Some guy named John Richmond, apparently of Milford, Michigan, hacked the HTML form on the Paypal payment page for my Jude software, so that he could send me a payment of two cents instead of the $48 that I actually charge for the software. I validate the payment amount on the server side, of course, so my scripts never sent him a software license. Paypal took the two cents as a transation fee, I got nothing, and Mr. Richmond was, one assumes, two cents wiser.

But no, he had the gall to initiate a Paypal dispute demanding that I send him a license or refund his two cents. As part of the dispute process he wrote "I paid what the software was worth". He doesn't like my software so he uses the Paypal to send an insult and then uses the dispute process to yank my chain!

What a jerk!

In addition to griping, the point of this post, I guess, is to get something into Google, so that anyone considering doing business with John Richmond can find out about his jerkiness. Richmond uses the domain name clientsg.com, which is owned by his defunct Michigan corporation "Client Services Group, Inc.". Google shows listings for "Salepoint Inc." at the same address and phone number as "Client Services Group". Salepoint is not a Michigan corporation. Perhaps Richmond consults for salepoint.com, or perhaps he just uses that name for some other business.

Update: Paypal sent the guy his two cents back. So I guess the paypal user agreement allows strangers to send you money for no reason and then demand that you send it back.

Update 2: I'm getting tired of updating this post, but since I've been bashing Mr. Richmond, I should acknowledge a useful and unintentionally funny response I finally got from him. He writes:

Paypal allows you to use encrypted data in your HTML to accept payments.

You need to do this.

Contact paypal for the information on how to send your data as an encrypted block via a web page to paypal so idiots viewing the source code cant see it and modify it.

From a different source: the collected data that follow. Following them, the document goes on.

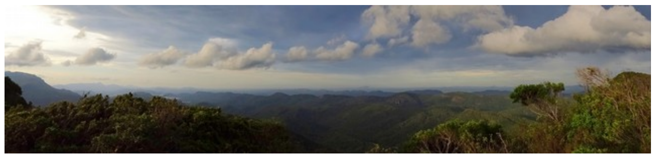
Panaromic view from the edge of Pitawala Patana
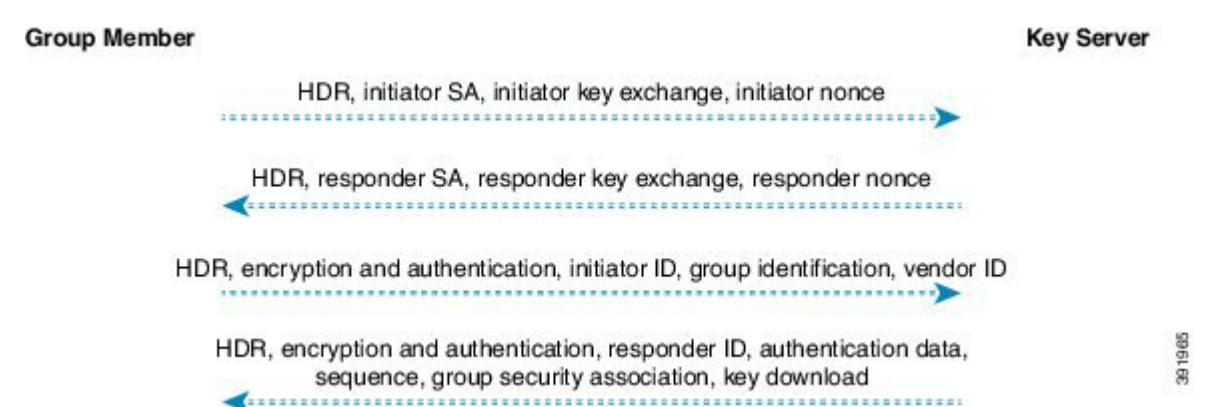
Figure 2: G-IKEv2 Message Exchanges
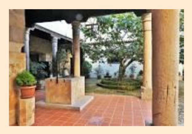
August 4- Tuesday (B) – SALAMANCA

Vespers 7:30pm, Dinner on your own- go eat Tapas at the Plaza Mayor
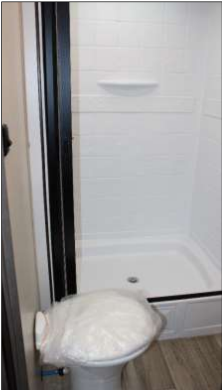
30" X 40" Shower w/Overhead Skylight / Designer Fixture

At least you check the payment amount. You would be amazed at how many sites there are out there that are automated and simply send out the licence when any payment amount is received.

The useful part: the info about encryption. Though since this is the only person who has attempted this in three years, I don't think I'll run out and patch my scripts now. The funny part: he acknowledges that he's an "idiot" :-)

Also, the timing of the comment from "me" strongly suggests that it is from Mr. Richmond himself. He seems to call himself "jobu", and he acknowledges that he exploits the weaknesses in sites Paypal scripts.

3 Comments

It would be sweet if PayPal could or would effectively spank him for this in some way. I guess it probably won't happen, even though he was foolish enough to initiate a dispute in which he hacked a PayPal form. Still, that would be nice.

HAHAHA.

Everyone should do it to you!

Dont you know paypal allows you to use encrypted keys when accepting payment so nobody can just use your account info and do this?

Get on the ball!

Mr John Richmond is an utter clown, not only does he have no life needing to run around the net trying to exploit a couple of dollars worth of scripts... He can't afford to loose 2 cents.

Buddy, if you're in this predicament i'd look for a new career because when the loss of 2 cents becomes a tragedy you don't have much going for you.